### Dataset excerpts
──────

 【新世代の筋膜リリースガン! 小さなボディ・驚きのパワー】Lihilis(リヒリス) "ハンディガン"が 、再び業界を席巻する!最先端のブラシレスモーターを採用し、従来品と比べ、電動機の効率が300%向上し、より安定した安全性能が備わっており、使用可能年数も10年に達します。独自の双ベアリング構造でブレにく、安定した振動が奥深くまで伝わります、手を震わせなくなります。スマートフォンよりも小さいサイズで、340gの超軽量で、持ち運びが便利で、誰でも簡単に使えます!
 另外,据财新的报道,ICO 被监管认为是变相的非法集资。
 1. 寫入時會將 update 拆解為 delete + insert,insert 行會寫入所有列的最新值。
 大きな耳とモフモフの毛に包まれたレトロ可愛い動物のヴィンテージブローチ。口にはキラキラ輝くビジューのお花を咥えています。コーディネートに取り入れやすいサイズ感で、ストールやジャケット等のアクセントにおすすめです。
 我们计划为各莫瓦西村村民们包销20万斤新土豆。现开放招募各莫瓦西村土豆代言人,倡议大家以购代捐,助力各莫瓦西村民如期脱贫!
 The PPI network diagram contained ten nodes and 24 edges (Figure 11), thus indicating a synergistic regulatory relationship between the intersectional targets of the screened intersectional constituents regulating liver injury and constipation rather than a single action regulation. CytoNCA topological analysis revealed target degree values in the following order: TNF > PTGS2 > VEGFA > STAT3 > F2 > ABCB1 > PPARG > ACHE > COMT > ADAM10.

──────

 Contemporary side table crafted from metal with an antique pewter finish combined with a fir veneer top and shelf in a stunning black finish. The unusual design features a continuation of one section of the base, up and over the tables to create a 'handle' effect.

──────

Using the records above, set down exactly the lines from the one with "大きな耳とモフモフの毛に包ま" through the one with "我们计划为各莫瓦西村村民们包", inclusive, and nothing more.

 大きな耳とモフモフの毛に包まれたレトロ可愛い動物のヴィンテージブローチ。口にはキラキラ輝くビジューのお花を咥えています。コーディネートに取り入れやすいサイズ感で、ストールやジャケット等のアクセントにおすすめです。
 我们计划为各莫瓦西村村民们包销20万斤新土豆。现开放招募各莫瓦西村土豆代言人,倡议大家以购代捐,助力各莫瓦西村民如期脱贫!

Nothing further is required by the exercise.